Colony Bay TV

Next Episode: Solidarity and Secrets

July 17, 2011 James Riley

The Tar and the Feather

Revolutions aren’t fought by hoping for the best in people.

In that final stretch leading to the American Revolution, from 1770 to 1775, there were certain conversations that had to be conducted in secret. Certain friendships had to be sealed with something very much like a solemn oath. The largely peaceful pattern we have of elections in this country and our commitment to an orderly hearing of all sides was purchased by people who, for the sake of the cause, had to be absolutely intolerant of deviation from the course.

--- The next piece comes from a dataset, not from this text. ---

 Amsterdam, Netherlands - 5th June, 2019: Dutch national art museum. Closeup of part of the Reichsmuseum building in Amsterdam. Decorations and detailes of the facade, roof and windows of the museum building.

Think about it: In 1772, when a British revenue schooner, the Gaspee, was boarding coastal vessels, abusing their crews, stealing their merchandise, and mocking due process, the hundreds of Rhode Island men who boarded and destroyed the ship were so silent about the affair that a British investigation couldn’t find one credible witness to point a finger.  The inquiry came to absolutely nothing.  Imagine that — hundreds of men involved in what would today be called a crime against government property and an assault on government officials, and no one mentions a word about it.    Then as now, the investigators had the power to offer inducements of all sorts to testify and no one came forward.

The tea party itself was a marvel of such secrecy that even today, we can’t be sure who participated.   Many of those men took the secret to their graves, even after they became victors in the ultimate struggle.   The oath of secrecy they took was more important than the free drinks they might have enjoyed the rest of their lives.

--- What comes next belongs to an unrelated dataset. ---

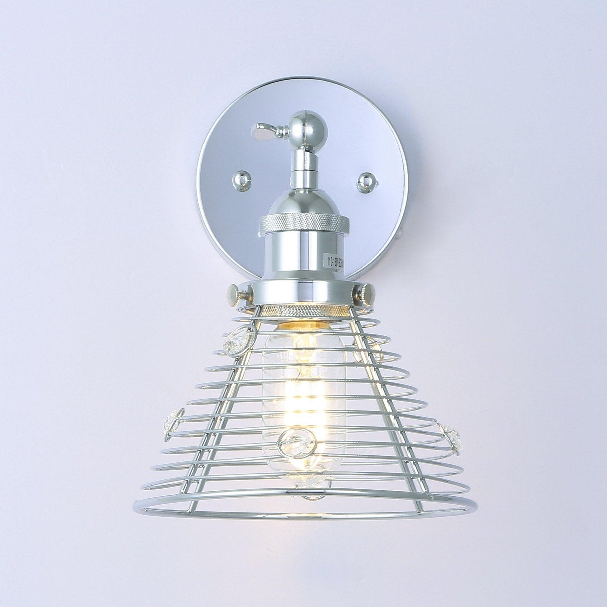 The perfect combination of industrial and modern elements, this wall light features a simple yet contemporary design, with a conical shade that guides the light and creates a warm and cozy ambiance. Constructed of high-quality metal and supported by a thick round back panel, the fixture's silver finish complements the sleek look with crystal accents. Designed with understated luxury style, you can place it next to your bed, in the reading corner of your living room, in your bathroom, in your living room, and more. Wall sconces will add a touch of modern glamour to your space.

This secrecy was in service to a collective virtue that was even more important in securing the victory:  solidarity, unity, singleness of purpose.   As I wrote a few weeks ago, when a citizen of Cape Anne turned informer, his life became very uncomfortable indeed.  When the God-given rights were at stake, and when the debate was finished, there wasn’t much room for waning attention to duty.   It wasn’t like signing a boycott agreement and then determining your own standard of purity.   You were in, or you were out.   My sense is that they had a pretty healthy sense of man’s depravity, and they weren’t above shunning and shaming a fellow soldier into submission.

From this vantage point, some of this makes us uncomfortable.  If a group of your neighbors were to show up on your doorstep and say, in effect, “are you with us or against us?” you might think “do I really have to get involved?”   Well, in the era leading up to the American Revolution, there was no choice.   Life was very difficult for those who couldn’t decide.   Today we make a daily virtue out of “live and let live,” and that works, then as now, for many of life’s questions.   But suppose you actually saw a magistrate utterly abuse his authority?   Suppose you saw your neighbors’ property confiscated without due process?   Suppose you were actually there when Stalin’s goons pushed farmers off their land?     Wouldn’t utter, black and white polarity, among neighbors, be a useful thing?

Certainly, it’s an uncomfortable question in the present, but in this age of clean, orderly debate, public hearings, and anemic, non-controversial church life, some folks get a  little anxious seeing the founding fathers standing over a barrel of tar and a next to a bag of feathers.

Well, I have news for you:   they were harder, meaner men than you might think, when the occasion required it.